High intensity training

1. List the following four schematic diagrams for reference.

2. Solution: (1)

Method 1: ∠ b = 90, the centerline EF, as shown in Figure 2- 1.

Method 2: AB = AC, midline (or high) AD, as shown in Figure 2-2.

⑵

AB = 2bc (or ∠ C = 90, ∠ A = 30), and the centerline EF, as shown in Figure 3.

⑶

Method 1: ∠ B = 90 and AB = 2bc, and the centerline EF, as shown in Figure 4- 1.

Method 2: AB = AC and ∠ AB=AC = 90, with median (or high) AD, as shown in Figure 4-2.

⑷

Method 1: Let ∠ b > ∠ c, take a point D on the side of BC, let ∠ gdb = ∠ b pass through AB to G, let's pass through the midpoint of AC, and let ∠ GD pass through BC to F, then EF is the shear line, as shown in Figure 5- 1.

Method 2: let ∠ b > ∠ c, take the midpoint D and E of AB and AC respectively, the crossing D and E are the vertical lines of BC, G and H are the vertical feet, the intercept HF = GB on HC, and EF is the shear line, as shown in Figure 5-2.

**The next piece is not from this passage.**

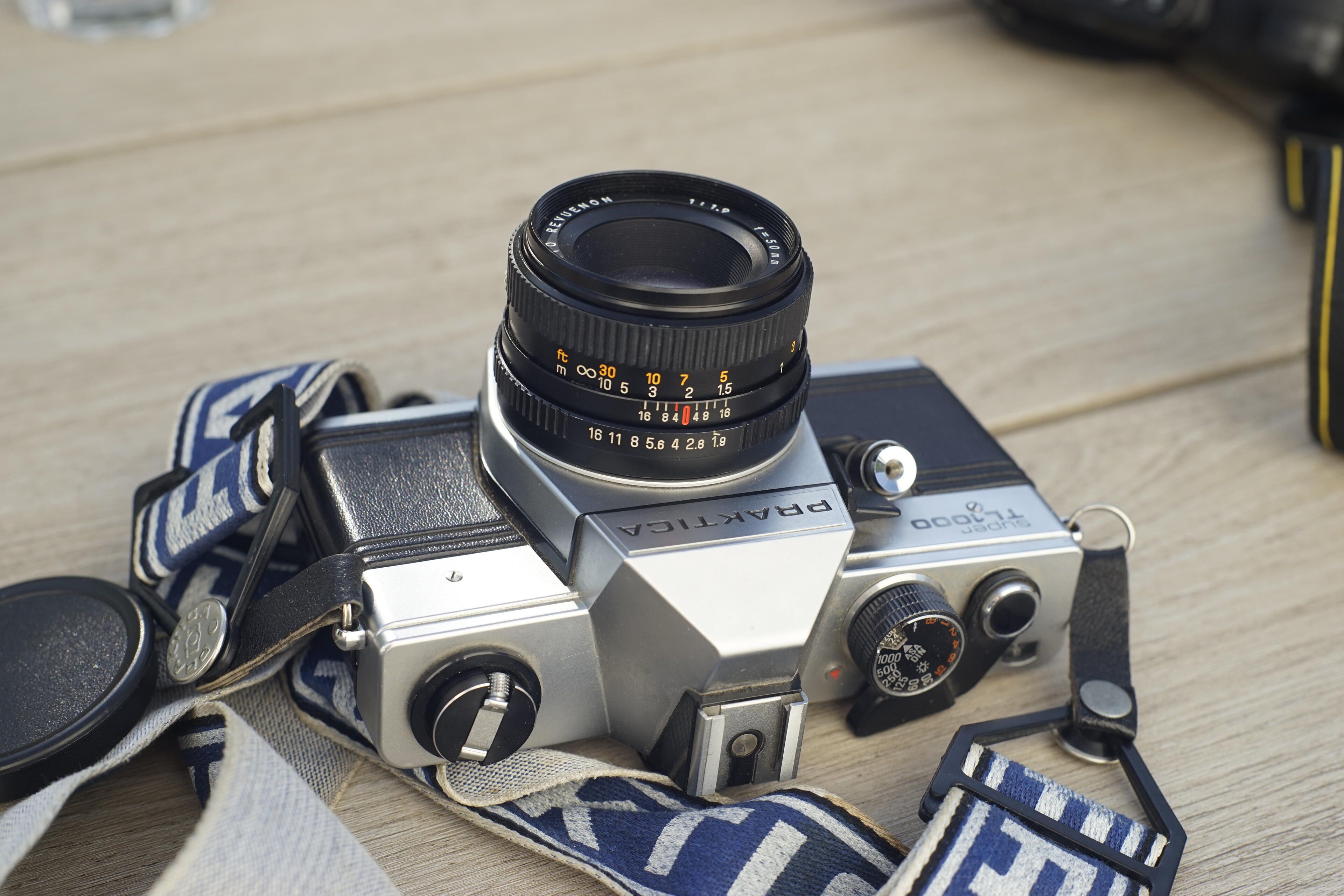 Da ich ja alte Kameras sammle und das bei allen mittlerweile angekommen ist, hat U mir eine Praktica Super TL1000 mitgebracht, die sie irgendwie über das Fratzenbuch für umme bekommen hatte. Die sollte ich ja eigentlich schon im Frühjahr mit nehmen, als wir in Kassel waren, aber ich hatte es vergessen und sie auch. Am Freitag konnte ich sie mir dann endlich mal genauer anschauen. Eine sehr solide Wahl für eine Kamera aus den späten 1970ern. Technisch damals vielleicht schon nicht mehr ganz auf der Höhe der Zeit mit dem alternden M42-Anschluss (mit Unterstützung für den Auto-Pin), aber von der Verarbeitung her scheinbar unverwüstlich: Der Auslöser schnackt und surrt wie gewollt, das Gehäuse sieht gut aus, obwohl es wohl mal einen etwas heftigeren Sturz hinter sich bringen musste (die eine Kante zeigt Impaktspuren mit Brucherscheinungen). Das schlimmste ist die praktisch nicht mehr vorhandene Lichtdichtung auf der Scharnierseite der Tür, aber das ist ja normal. Rundrum ist sie ansonsten mit einem schwarz getränkten Faden versiegelt, das passt und geht wahrscheinlich niemals kaputt.

Method 3: Let ∠ b > ∠ c be high AD, intercept DG = DB on DC, connect AG, the midpoint of AC E is EF‖AG, and BC to F, then EF is the shear line, as shown in Figure 5-2.

Example 4

Solution: (1) y =,

...................................................., two points.

When x=60, the maximum value of y =1800; Four points.

(2) passing through the be⊥ad b point of E,CF⊥AD in F,

Let AB=CD=xcm and the trapezoidal area be Scm2, then BC = EF = (120-2x) cm.

AE=DF=x，BE=CF=x

，AD= 120-x，

∴S= x type (240-3x)

When x=40, the maximum value of s = 1200, 7 points.

Maximum value of s > maximum value of y 8 points.

(2) The scheme is correct, with 2 points and 4 points for * * *.

Scheme: ① Regular octagon and a half, ② Regular decagon and a half, ③ Semicircle, etc.